Pour protéger efficacement ses données, la première nécessité est donc d’utiliser un bon mot de passe — mais cela s’applique d’une manière générale à l’ensemble des lieux où sont stockés des fichiers sensibles. Un mot de passe complexe peut certes être contraignant dans la mesure où l’on débloque son téléphone plusieurs fois par jour ; mais les modèles les plus récents s’affranchissent de cette contrainte grâce au capteur d’empreintes digitales (Touch ID).

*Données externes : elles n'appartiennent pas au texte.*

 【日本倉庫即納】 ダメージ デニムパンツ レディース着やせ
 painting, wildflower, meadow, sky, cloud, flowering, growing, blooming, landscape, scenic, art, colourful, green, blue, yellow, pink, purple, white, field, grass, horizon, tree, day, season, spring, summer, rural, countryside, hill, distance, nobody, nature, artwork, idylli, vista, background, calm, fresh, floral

Dans l’éventualité où le vol d’un iPhone pourrait vous mettre en danger, il faut avoir le bon réflexe de l’éteindre. En effet, certains fichiers sont déchiffrés après le premier déblocage : si l’on reprend l’exemple du contact, passé le premier déblocage, le nom de celui-ci apparait, et cela même lorsque le téléphone est bloqué. De plus, éteindre le téléphone empêche l’attaquant d’utiliser l’empreinte digitale du propriétaire à son insu pour débloquer l’appareil car le premier démarrage demande obligatoirement la saisie d’un code.

Enfin, mettre en place un mot de passe fort sur iCloud et activer la double authentification sera également utile pour empêcher à un attaquant d’accéder aux fichiers sauvegardés sur le cloud. Dans le cas spécifique de l’iPhone 5C du tueur de San Bernadino, il se pourrait que l’appareil puisse tout de même être débloqué par Apple puisque celui-ci n’a pas de Secure Enclave.